The point is, is exposing interiority is bone-chillingly terrifying. It is for everyone. It feels so intimate and vulnerable—scarier and more exposing than someone seeing you naked and orgasming. Because when people can really see the inside of you, that’s when they have to power to do their worst. And when I really sing, you are seeing the emotional core of me, you can see every last wound-able area. Ones I probably don’t even know about. Or at least that’s how it feels. Because all of those experiences and feelings and emotions exist in my voice when I sing. It is the source of my power and me at my most vulnerably exposed.
When I have used my voice in the past, it’s caused me great pain. It’s evoked great pain to others. And I’m not just talking about singing.
But my voice has also brought joy and catharsis. Sometimes in the very same moments it brings pain. And I cannot live as a human without all of that, because that is at the complicated, beautiful heart of existing. Singing, writing, existing, owning, and living in the truth of this voice will always have both. A spectrum of it all, if you will. That is life’s very essence. In metaphor, it’s universal. I just have to do my best to stay true to my voice as a part of the whole of it: witness it and the voices of others, and learn and grow and better shape and wield it. I think that’s, ultimately, what we’re all trying to do, no?

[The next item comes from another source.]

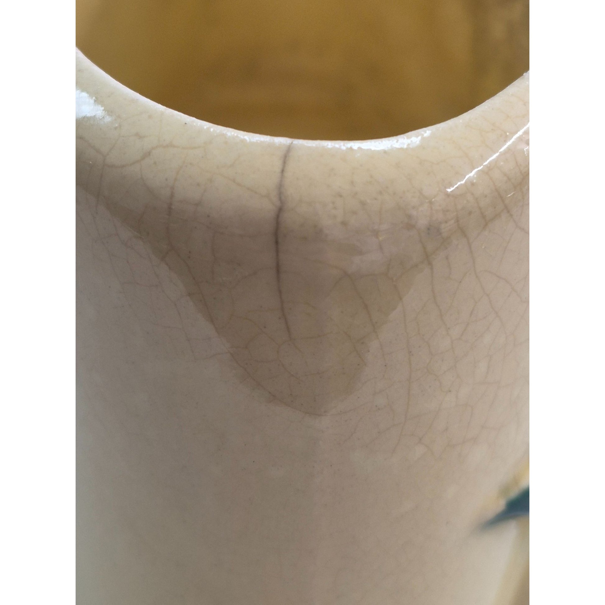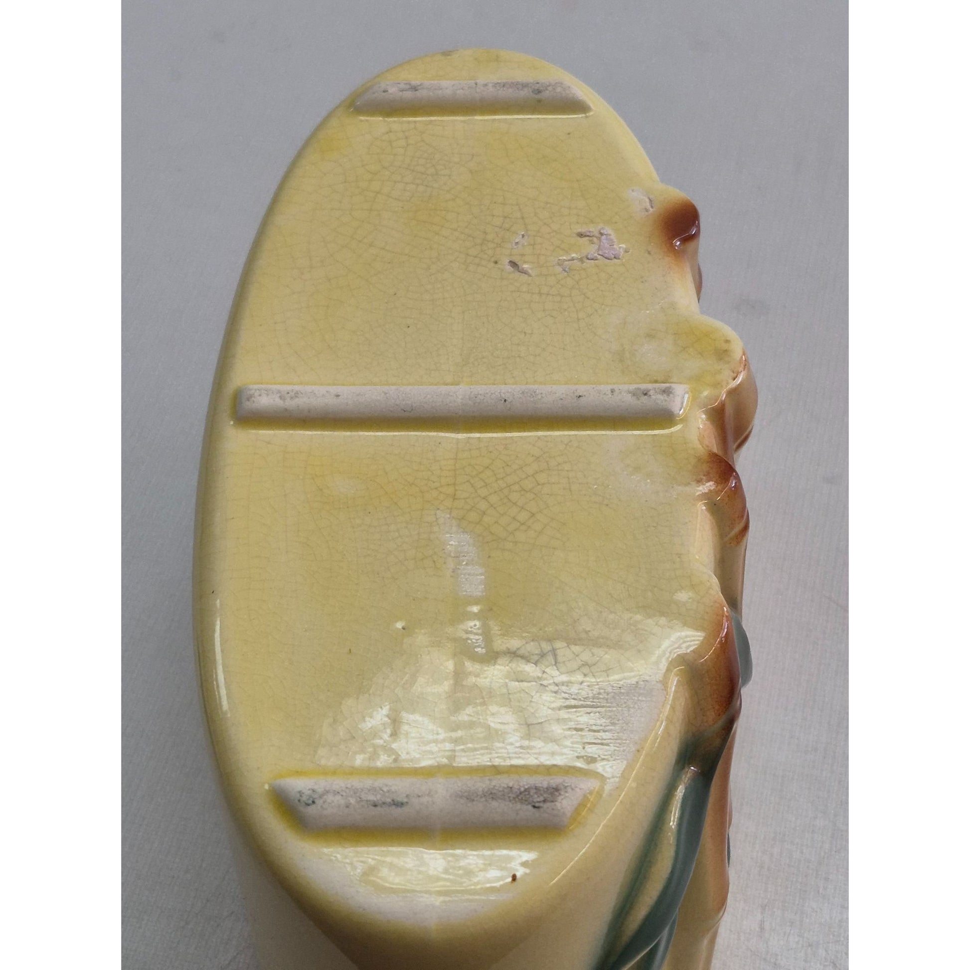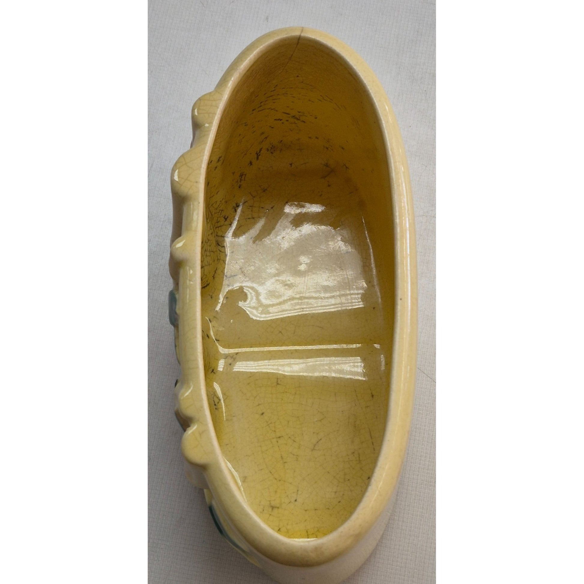 This charming vintage Royal Copley planter features a bamboo design with vibrant yellow and green leaves, making it a delightful addition to any home decor collection.

My grandmother always used to say to me “don’t try, just do.” And I never really understood the difference between trying and doing. “Isn’t doing just trying, though?” I would retort, feeling mealy-mouthed as I said it even then. But I get it now: when you try, you’re hedging, in a way. You’re not fully committed because you know you’re still unsure. You’re learning.
But sometimes we don’t have the opportunity to learn first. We learn in the doing. And to do something, you have to fully commit to it before you know what the fuck is going on. You have to dive in and just go. Be. Do. Ride the wave. You’re not observing on the peripheral as much as when you’re trying. When you’re doing, you’re in it, you’re going, and every part of you is working in tandem. Doing is full-bodied, full-throated stuff. It is singing at the top of your lungs, once more with feeling. Trying is a whisper while you practice. It’s not work, it’s pre-work. And really living takes work.
I’m so glad I’m doing now instead of trying. Trying can be…trying. I used to be such a try-hard. I tried so hard to make the voices I’d internalized sing like mine! And for awhile, you know, I was moderately successful at it. I think lots of people could convince themselves that this is how you make a pleasing melody and find your voice, at least for a little while. Especially if you’re constantly told that your voice is too loud and too much and needs too much attention.
Cornily enough, I feel my voice getting stronger with every stroke of the key, every moment I decide to take up space and show my “too much-ness” off. I can hear the voice in my head saying these words, humming a melody, ready to break out into song, getting louder. My song. Because that voice is me, and there’s so much strength there if I just let it be. And we all learn the words as we go.